Abstract
Duplications and rearrangements of coding genes are major themes in the evolution of mitochondrial genomes, bearing important consequences in the function of mitochondria and the fitness of organisms. Yu et al. (BMC Genomics 2008, 9:477) reported the complete mt genome sequence of the oyster Crassostrea hongkongensis (16,475 bp) and found that a DNA segment containing four tRNA genes (trnK1, trnC, trnQ1 and trnN), a duplicated (rrnS) and a split rRNA gene (rrnL5') was absent compared with that of two other Crassostrea species. It was suggested that the absence was a novel case of "tandem duplication-random loss" with evolutionary significance. We independently sequenced the complete mt genome of three C. hongkongensis individuals, all of which were 18,622 bp and contained the segment that was missing in Yu et al.'s sequence. Further, we designed primers, verified sequences and demonstrated that the sequence loss in Yu et al.'s study was an artifact caused by placing primers in a duplicated region. The duplication and split of ribosomal RNA genes are unique for Crassostrea oysters and not lost in C. hongkongensis. Our study highlights the need for caution when amplifying and sequencing through duplicated regions of the genome.
Background
Because of its nature of maternal inheritance, mitochondrial (mt) genome has a fast rate of evolution and is particularly useful in phylogenetic analysis. The analysis of complete mt genome sequences provides not only information about nucleotide changes, but also insights into gene order and rearrangements that are indicative of major evolutionary changes.
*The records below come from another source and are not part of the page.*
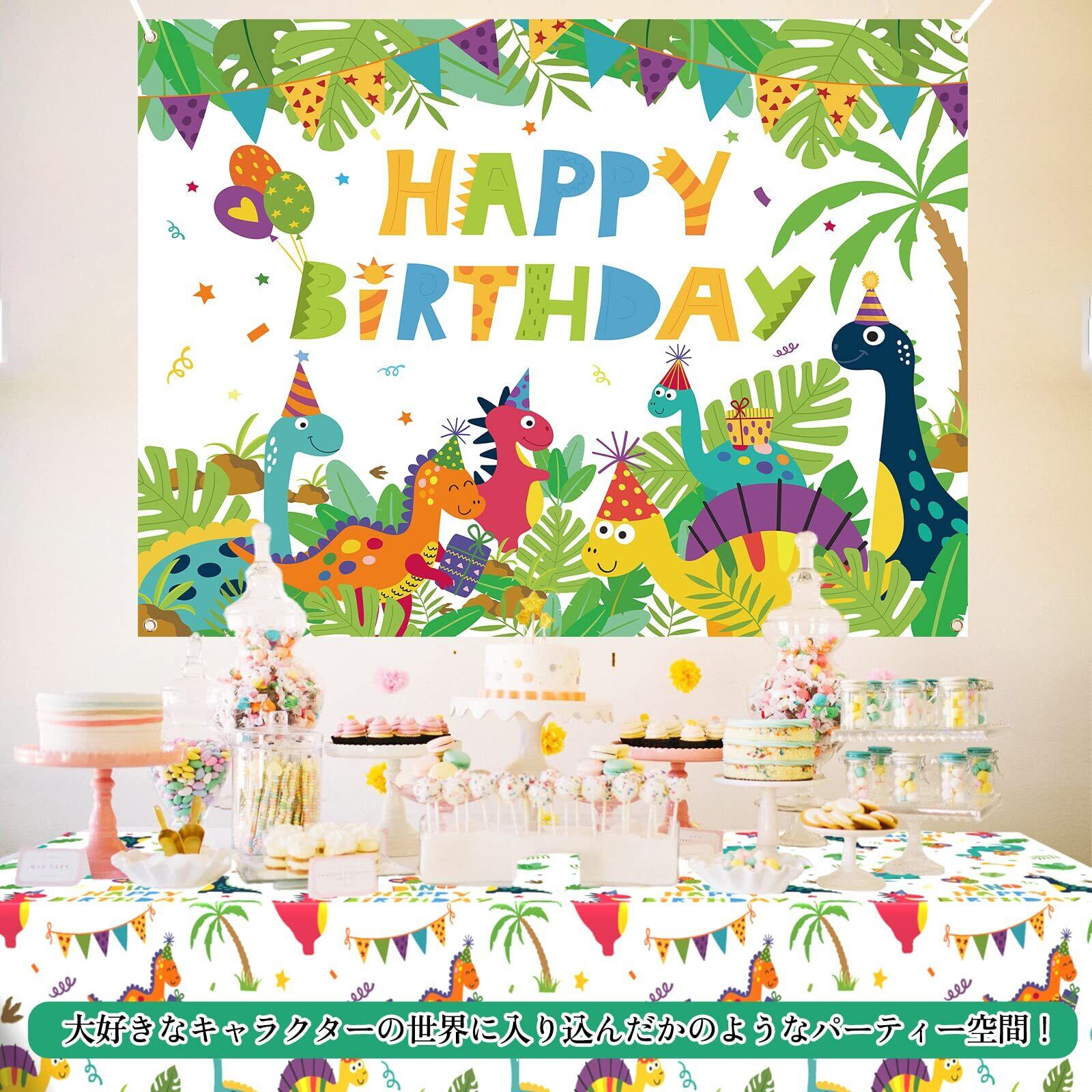 【どんなシーンにも合うデザイン!】 : 男の子・女の子を問わず楽しめる恐竜モチーフが、お祝いの雰囲気を盛り上げます。このタペストリーは誕生日のお友達をお祝いする特別な空間を演出し、写真撮影の背景にもぴったり。思い出に残る素敵な写真を残せること間違いなしです。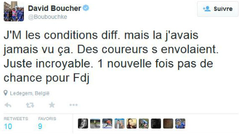 Habitués à la pluie, la neige et la grêle (certaines années), les cyclistes professionnels se battent également dans le vent. Mais lorsque les conditions atmosphériques allient plusieurs de ces éléments, tout en privilégiant les rafales de vent (de 90 à 100 km/h), cela n'a plus rien à voir avec le sport, mais bien avec l'extrême. Sur les routes flandriennes, entre Deinze (Gand) et Wevelgem en passant par le Nord de la France et le Mont Cassel, bon nombre de coureurs n'avaient pas que des fourmis dans les jambes. En fait, ils devaient tout tenter pour rester sur leurs machines, et ce ne fut pas simple. La vidéo (ci-dessous) de nos confrères de Sporza, montre à quel point -que l'on soit "vedette" ou simple "porteur de bidons"- cet exercice devenait compliqué, même pour des professionnels. Si les commentaires sont en néerlandais, les images parlent d'elles-mêmes. Chapeau à ces forçats de la route, et on signalera qu'aucun "accident" majeur n'est à enregistrer.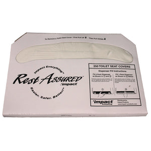 The Rest Assured™ seat covers create a positive restroom experience for guests by keeping the washroom clean and safe. The self-disposing design allows for flushing without touching. These seat covers fit most standard seat cover dispensers to make implementation convenient.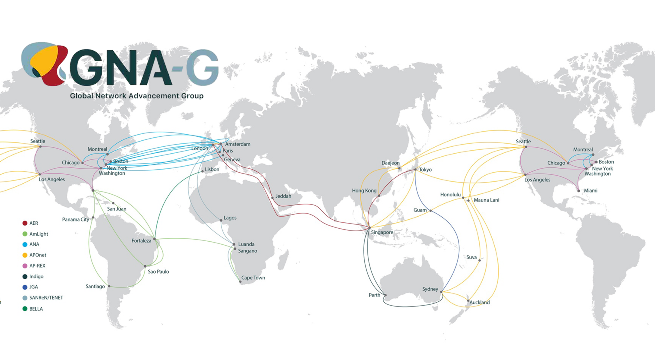A joint global effort was needed to coordinate the establishment of intercontinental connections, and this gave birth to Global Network Architecture (GNA), later on merged with the Global Lambda Integrated Facility (GLIF) into Global Network Advancement Group (GNA-G).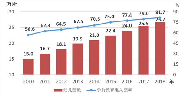 2010—2018年幼兒園數(shù)及學(xué)前教育毛入園率情況(央廣網(wǎng)發(fā) 國(guó)家統(tǒng)計(jì)局供圖)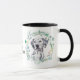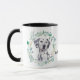 "AMA MEU DALMATIANO" declara esta caneca para o fã do Cão Dalmático. Cada lado da caneca tem um belo retrato aquoso de um Dal em uma coroa azul verde. Entre as duas imagens está o texto, que pode ser facilmente personalizado, ou mesmo removido, por você.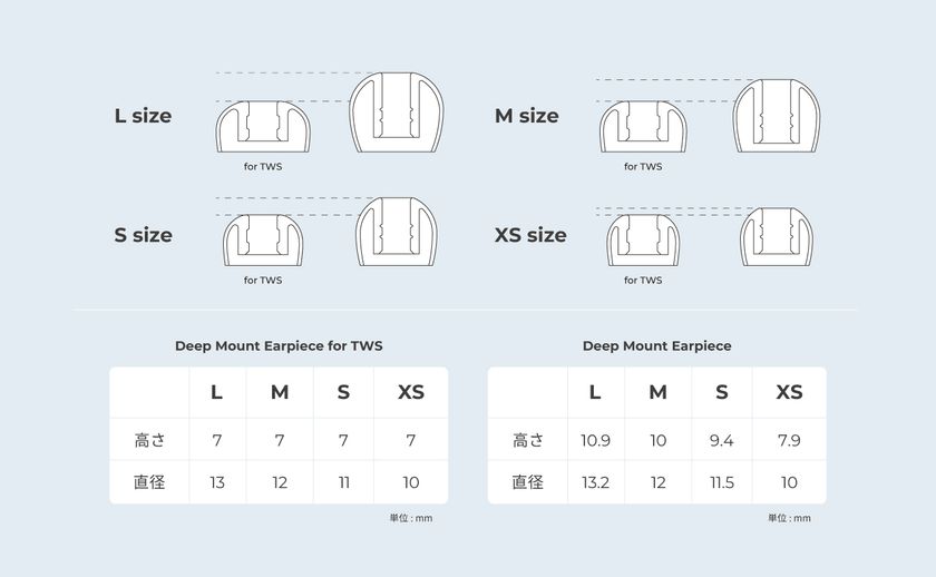 イヤーピースサイズ(外径):L 約13mm/M 約12mm/S 約11mm/XS 約10mm

We read with great interest an article appeared in a recent issue of BMC Genomics (9:477 2008) entitled 'Complete mitochondrial DNA sequence of oyster Crassostrea hongkongensis – a case of "Tandem duplication-random loss" for genome rearrangement in Crassostrea?' by Yu, Z.N., Wei, Z.P., Kong, X.Y., and Shi, W. [1]. Based on our data, we believe that an important part of Yu et al.'s paper is incorrect and would like to share our results with the readers of this Journal.
In their paper, Yu et al. (2008) reported that the complete mt genome of C. hongkongensis is 16,475 bp in length (GenBank accession number EU266073) and pointed out that 'A striking finding of this study is that a DNA segment containing four tRNA genes (trnK1, trnC, trnQ1 and trnN) and two duplicated or split rRNA genes (rrnL5' and rrnS) are absent from the genome, when compared with that of two other extant Crassostrea species, which is very likely a consequence of loss of a single genomic region present in ancestor of C. hongkongensis. It indicates this region seem to be a "hot spot" of genomic rearrangements over the Crassostrea mt-genomes' (p. 1, Abstract, line 14–19). We have independently sequenced the complete mt genomes of three C. hongkongensis individuals. All our three sequences contained the DNA segment that was reported missing in Yu et al.'s study. The discrepancy is not trivial as the loss of the duplicated region was central to Yu et al.'s hypothesis of a novel "tandem duplication and random loss" event during the evolution of C. hongkongensis. It was further suggested that this region was a "hot spot" for genomic rearrangement. Therefore, it is critical to determine if the loss of the duplicated region is real in view of the different sequences we obtained.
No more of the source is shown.